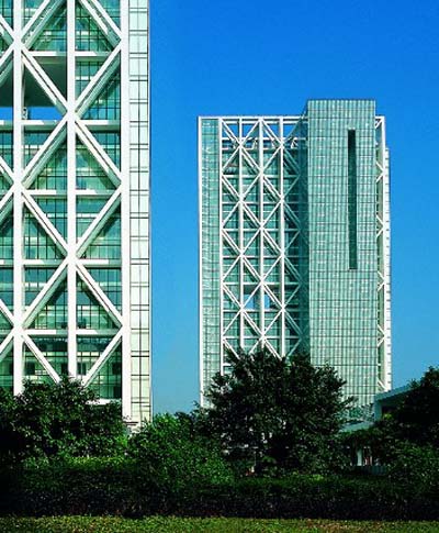 本工程以建筑物围绕着基地形成一个大型向内的隐蔽空间。创造出一个中心花园空间,使大厦群体各组成部分连成一整体。中心花园周围的建筑包含南北两栋办公楼, 东西两栋玻璃裙楼,南北两个联系长廊,中心花园相对规划路抬高两米形成花园平台。两栋高层办公楼为开放型办公室,超薄的体型体使至室内的每一位置均能看到北面江景。该项目是在华南地区首先采用地板送风这一节能空调方式的办公楼。
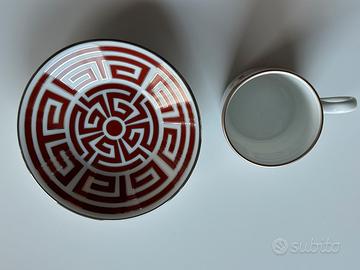 Tazzina da catté con piattino della celebre collezione Labirinto Scarlatto di Richard Ginori. Il motivo geometrico è stato ideato dal maestro Gió Ponti nel 1926. Realizzata in pregiata porcellana, presenta un decoro a labirinto in rosso scarlatto rifinito con una preziosa filettatura in platino. #ginoriporcellane #ginori #gioponti #tazzinadacaffe #tazzinacollezione #ginori1735 #richardginori
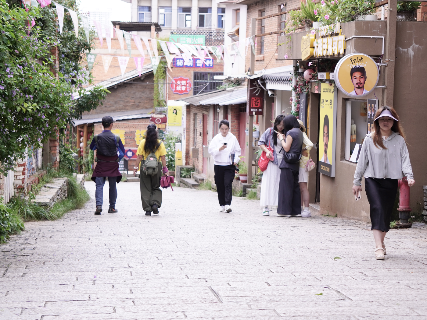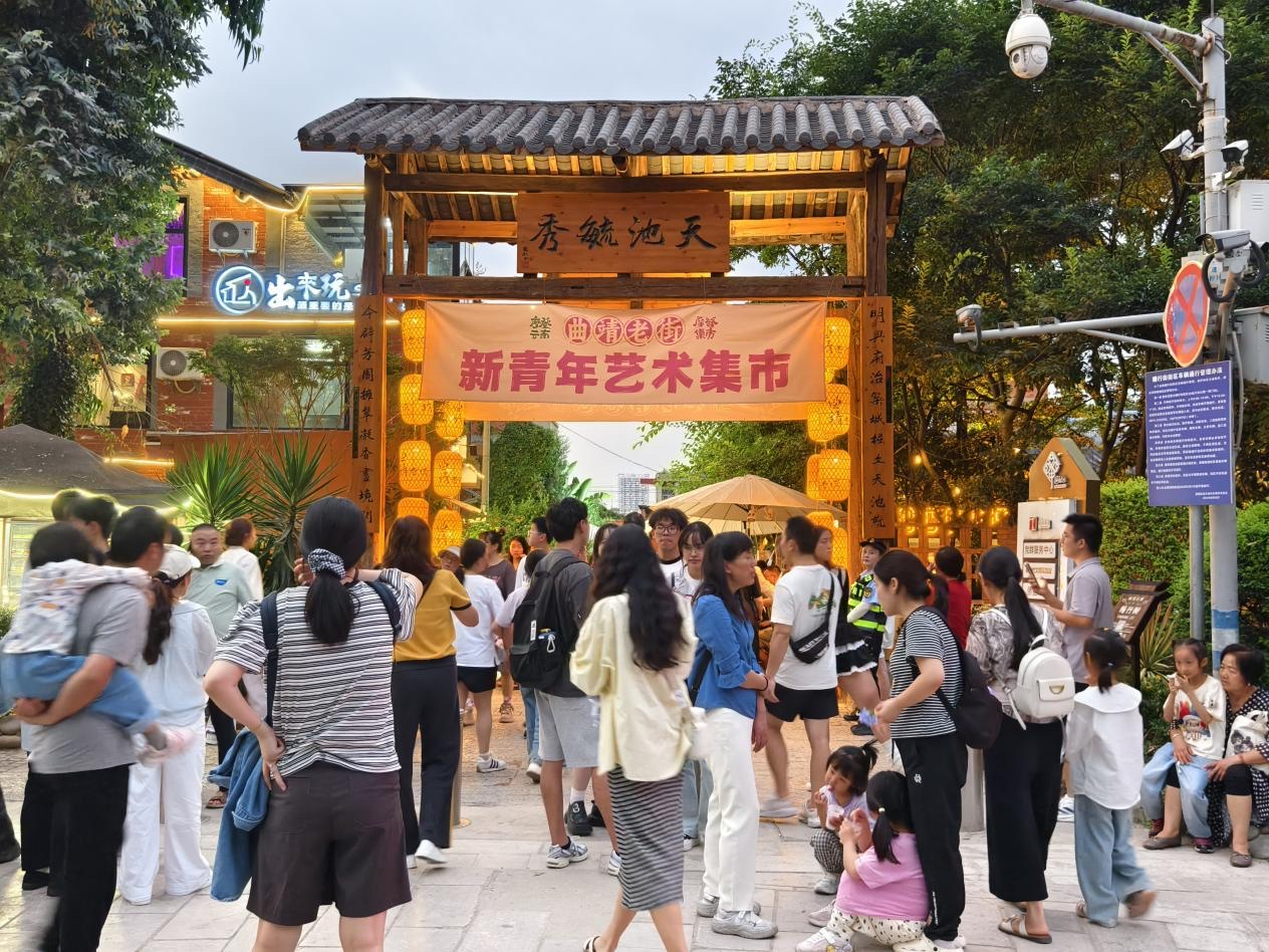今年八月,“曲靖老街 新青年艺术集市”开市,60多个创意摊位沿街排开,十天日均客流突破五万。
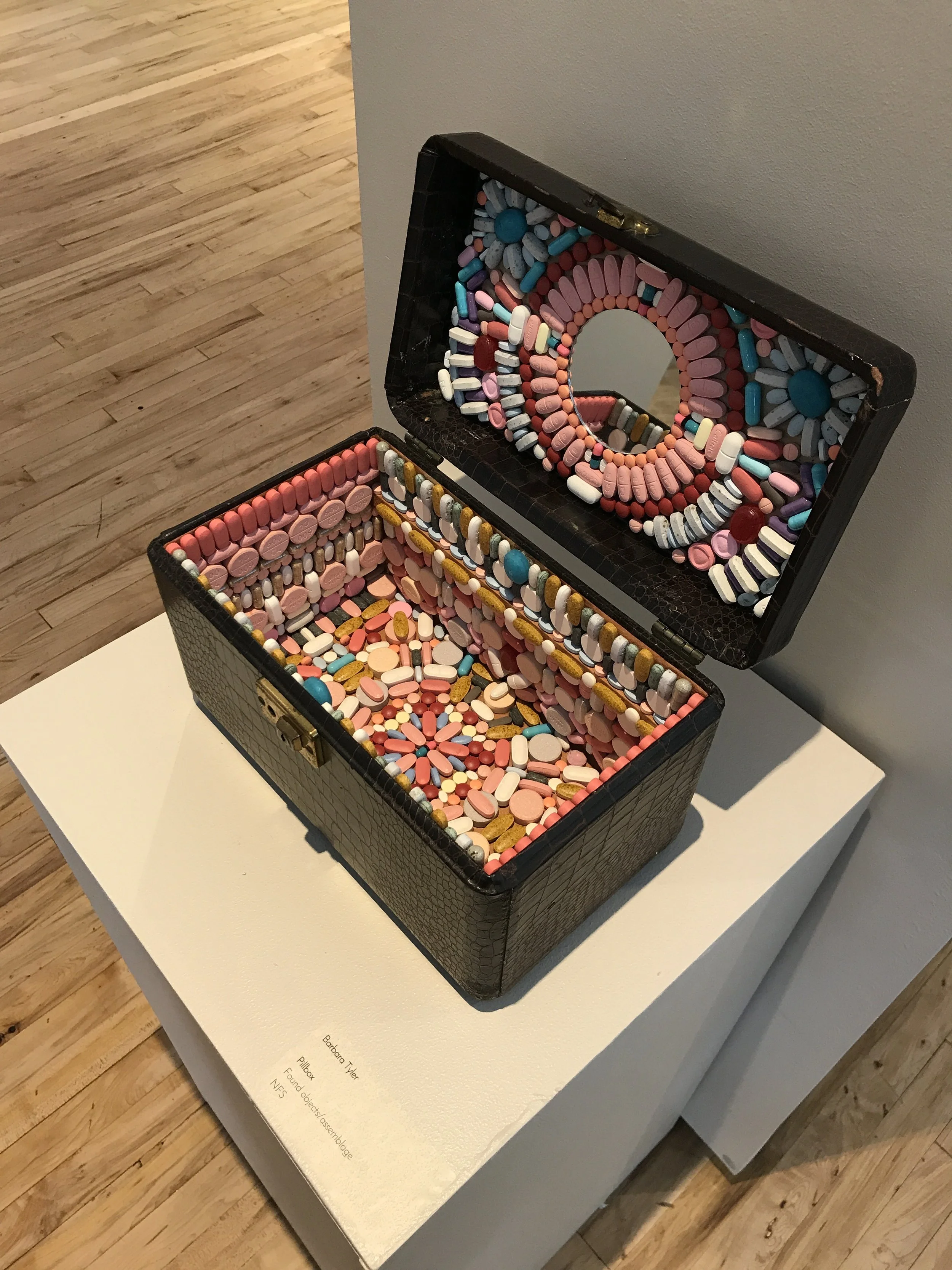 Pillbox (Found objects and assemblage, 12.25 x 11.5 x 10.25) Among the items found in downsizing my in-laws’ home were unconsumed medications. Using both prescription and over-the-counter medicines, pills became a medium and were selected for color, shape and texture. Arranging them in a small suitcase, these leftover items become part of a type of canopic jar collection.
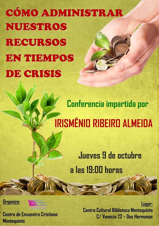 El jueves 9 de octubre, a las 19:00 horas, en el Centro Cultural Biblioteca de Montequinto, tendrá lugar una CONFERENCIA sobre ‘Cómo administrar nuestros recursos en tiempos de crisis’ a cargo de Irismenio Ribeiro Almeida (Licenciado en Administración de empresas).
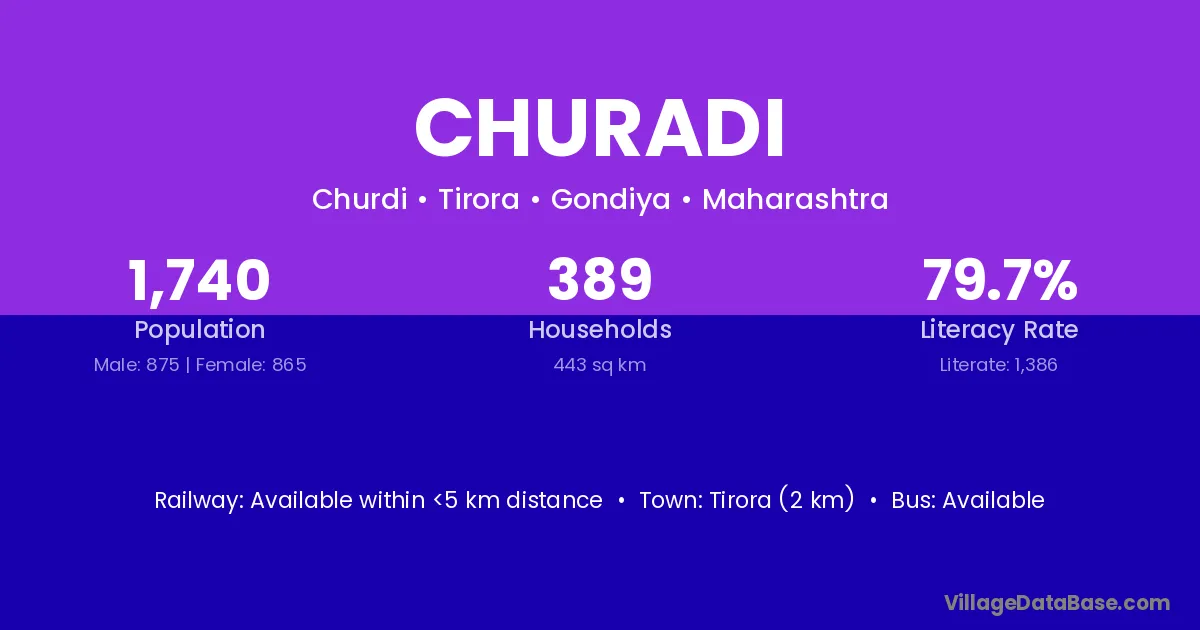 Tirora (2 km) is the nearest town to Churadi village for major economic activities and is located approximately 2 km away.
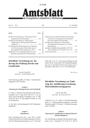 | Verordnung des Oberkirchenrats zur Änderung der Verordnung über Pfarrstellen mit eingeschränktem Dienstauftrag |
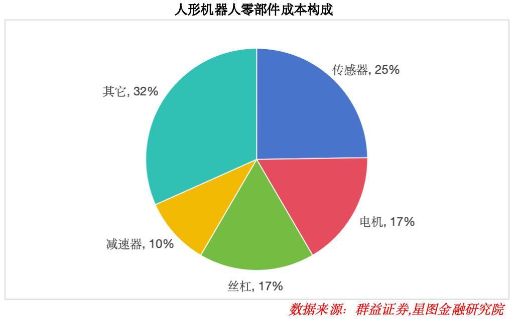 从具体成本结构来看,传感器占比达25%,为最大成本项;电机与丝杠各占约17%,减速器占比约10%,其余成本占比32%。
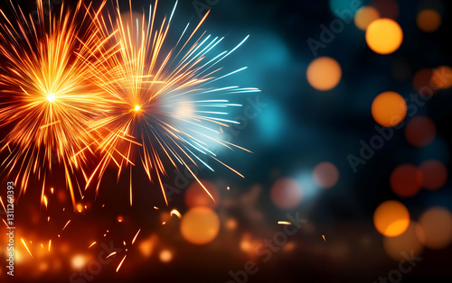 Vibrant fireworks illuminating the night sky, creating a festive atmosphere filled with colorful lights and celebration.
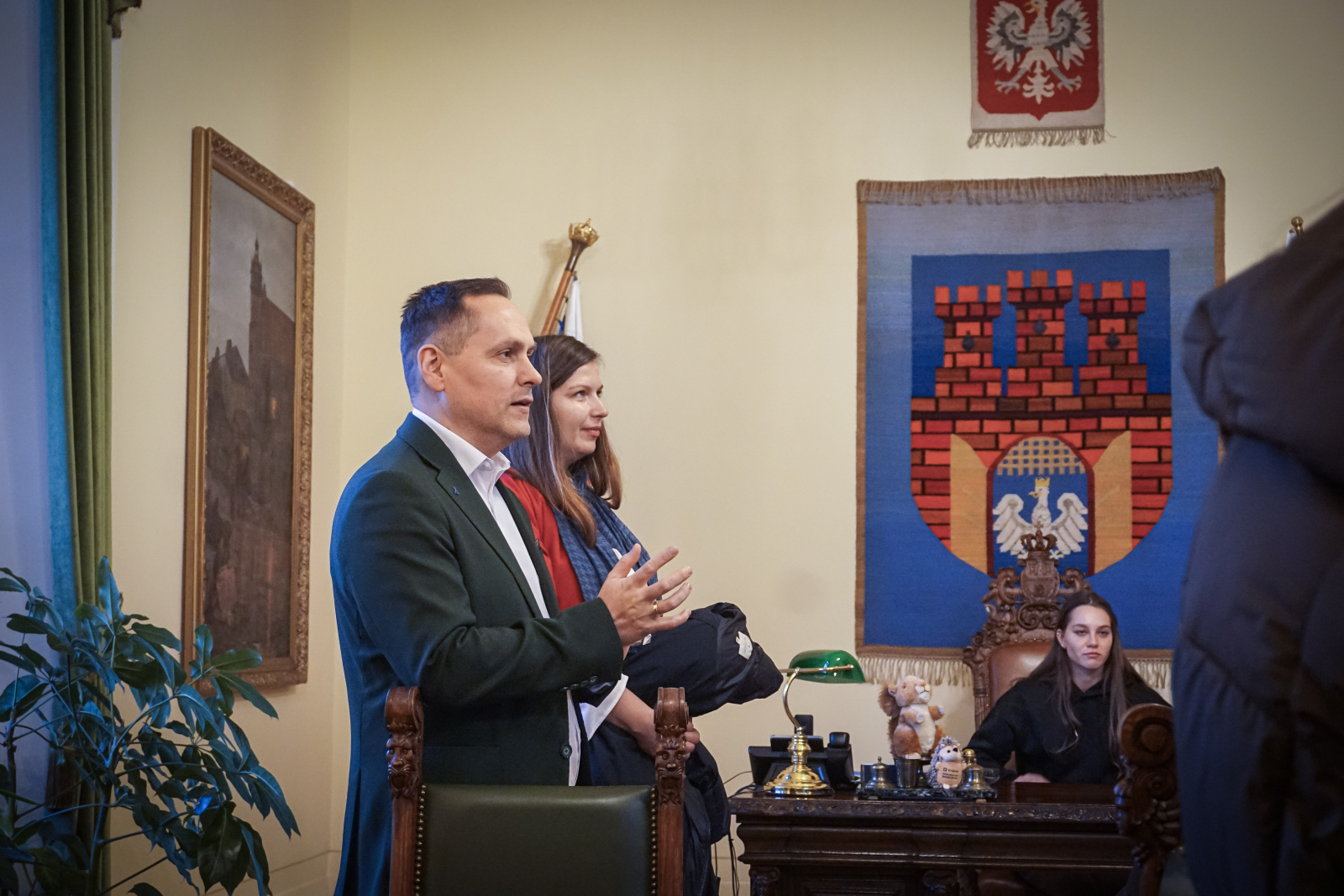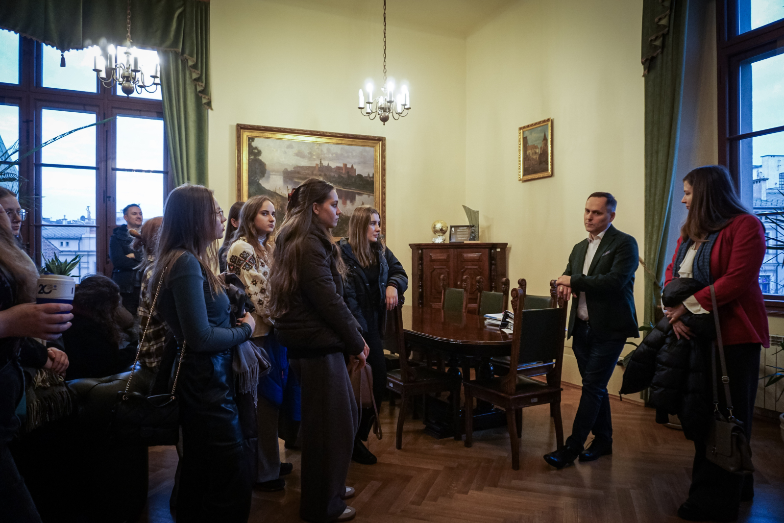 Uczestniczki programu Study Tours to Poland z Ukrainy i Mołdawii – inicjatywy mającej na celu wzmocnienie zaangażowania obywatelskiego i promowanie transformacji demokratycznej wśród młodych liderów z Europy Wschodniej – spotkały się 20 listopada w Urzędzie Miasta Krakowa z Jakubem Koskiem, przewodniczącym Rady Miasta Krakowa.
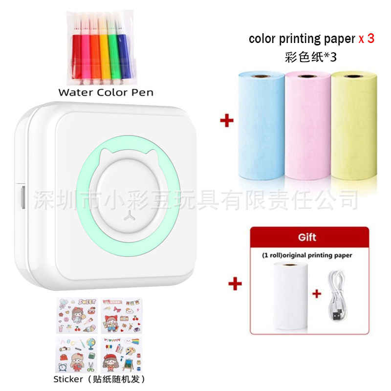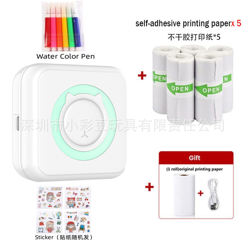 • C15 그린-영어 버전 [감열지 1롤 + 감열지 5롤 + 스티커 5롤 + 컬러지 3롤 + 수채펜 6개 + 가방 + 전자 애완동물]
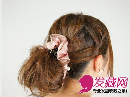 斜刘海烫出柔软线条感 韩式简易马尾扎发图解
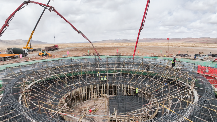 安多土碩光熱光伏一體化項(xiàng)目聚光集熱塔基礎(chǔ)完成第一倉混凝土澆筑。趙苑余 攝
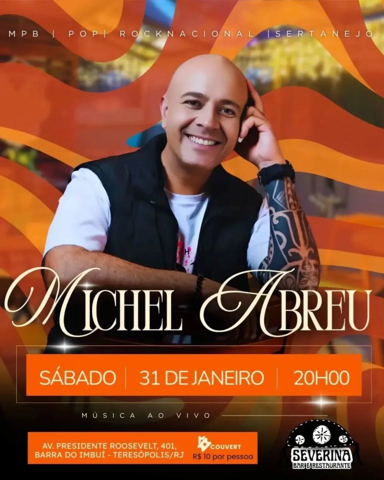 agenda culturalculturadestaqueseventosmúsicaserra cariocatereteresopolis Dia 31-01 Michel Abreu no Severina Teresópolis 29 de janeiro de 2026 tere_total Dia 31-01 Michel Abreu no Severina Teresópolis Dia 31/01/2026 (sáb)- 20h Michel Abreu no Severina Bar e restaurante em Teresópolis RJ Endereço: Av. Presidente Roosevelt, 401 Barra do Imbuí Fonte: Severina Bar e restaurante

━━━━

■ **Prompt**: To complete this exercise, repeat exactly the lines above from the one holding "安多土碩光熱光伏一體化項(x" to the end of the listing, both included, and leave the pictures out.

■ **Written reply**:
 安多土碩光熱光伏一體化項(xiàng)目聚光集熱塔基礎(chǔ)完成第一倉混凝土澆筑。趙苑余 攝
 agenda culturalculturadestaqueseventosmúsicaserra cariocatereteresopolis Dia 31-01 Michel Abreu no Severina Teresópolis 29 de janeiro de 2026 tere_total Dia 31-01 Michel Abreu no Severina Teresópolis Dia 31/01/2026 (sáb)- 20h Michel Abreu no Severina Bar e restaurante em Teresópolis RJ Endereço: Av. Presidente Roosevelt, 401 Barra do Imbuí Fonte: Severina Bar e restaurante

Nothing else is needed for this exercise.